--- What the task asks ---
Transcribe the listing below only from the line with "Während die Mosel" up to and including the line with "春 秋 冬 レディース".

--- Supplied data ---

★ ★ ★ ★ ★

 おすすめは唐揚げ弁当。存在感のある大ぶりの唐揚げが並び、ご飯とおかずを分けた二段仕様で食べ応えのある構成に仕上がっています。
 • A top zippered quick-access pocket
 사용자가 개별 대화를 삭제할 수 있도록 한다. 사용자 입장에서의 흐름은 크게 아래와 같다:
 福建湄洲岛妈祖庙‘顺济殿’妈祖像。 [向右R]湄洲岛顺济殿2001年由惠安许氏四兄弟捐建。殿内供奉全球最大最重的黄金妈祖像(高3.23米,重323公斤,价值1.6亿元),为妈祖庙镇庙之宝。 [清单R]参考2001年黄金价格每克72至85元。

★ ★ ★ ★ ★

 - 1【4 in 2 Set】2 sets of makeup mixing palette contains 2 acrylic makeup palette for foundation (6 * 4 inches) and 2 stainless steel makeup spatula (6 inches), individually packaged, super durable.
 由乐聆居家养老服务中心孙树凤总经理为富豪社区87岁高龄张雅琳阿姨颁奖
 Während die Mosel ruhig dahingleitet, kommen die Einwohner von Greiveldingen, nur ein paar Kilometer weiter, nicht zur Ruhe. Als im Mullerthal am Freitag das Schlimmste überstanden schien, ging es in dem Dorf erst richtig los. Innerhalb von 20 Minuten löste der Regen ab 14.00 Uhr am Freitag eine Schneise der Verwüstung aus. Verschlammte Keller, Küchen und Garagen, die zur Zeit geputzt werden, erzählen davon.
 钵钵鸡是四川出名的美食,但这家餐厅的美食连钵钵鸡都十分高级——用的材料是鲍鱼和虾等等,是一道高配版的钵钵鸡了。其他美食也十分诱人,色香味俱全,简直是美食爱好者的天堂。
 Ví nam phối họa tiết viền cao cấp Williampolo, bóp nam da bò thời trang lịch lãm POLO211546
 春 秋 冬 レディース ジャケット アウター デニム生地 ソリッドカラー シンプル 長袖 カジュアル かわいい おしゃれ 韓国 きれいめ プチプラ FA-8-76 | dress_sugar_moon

★ ★ ★ ★ ★

--- Exercise output ---
 Während die Mosel ruhig dahingleitet, kommen die Einwohner von Greiveldingen, nur ein paar Kilometer weiter, nicht zur Ruhe. Als im Mullerthal am Freitag das Schlimmste überstanden schien, ging es in dem Dorf erst richtig los. Innerhalb von 20 Minuten löste der Regen ab 14.00 Uhr am Freitag eine Schneise der Verwüstung aus. Verschlammte Keller, Küchen und Garagen, die zur Zeit geputzt werden, erzählen davon.
 钵钵鸡是四川出名的美食,但这家餐厅的美食连钵钵鸡都十分高级——用的材料是鲍鱼和虾等等,是一道高配版的钵钵鸡了。其他美食也十分诱人,色香味俱全,简直是美食爱好者的天堂。
 Ví nam phối họa tiết viền cao cấp Williampolo, bóp nam da bò thời trang lịch lãm POLO211546
 春 秋 冬 レディース ジャケット アウター デニム生地 ソリッドカラー シンプル 長袖 カジュアル かわいい おしゃれ 韓国 きれいめ プチプラ FA-8-76 | dress_sugar_moon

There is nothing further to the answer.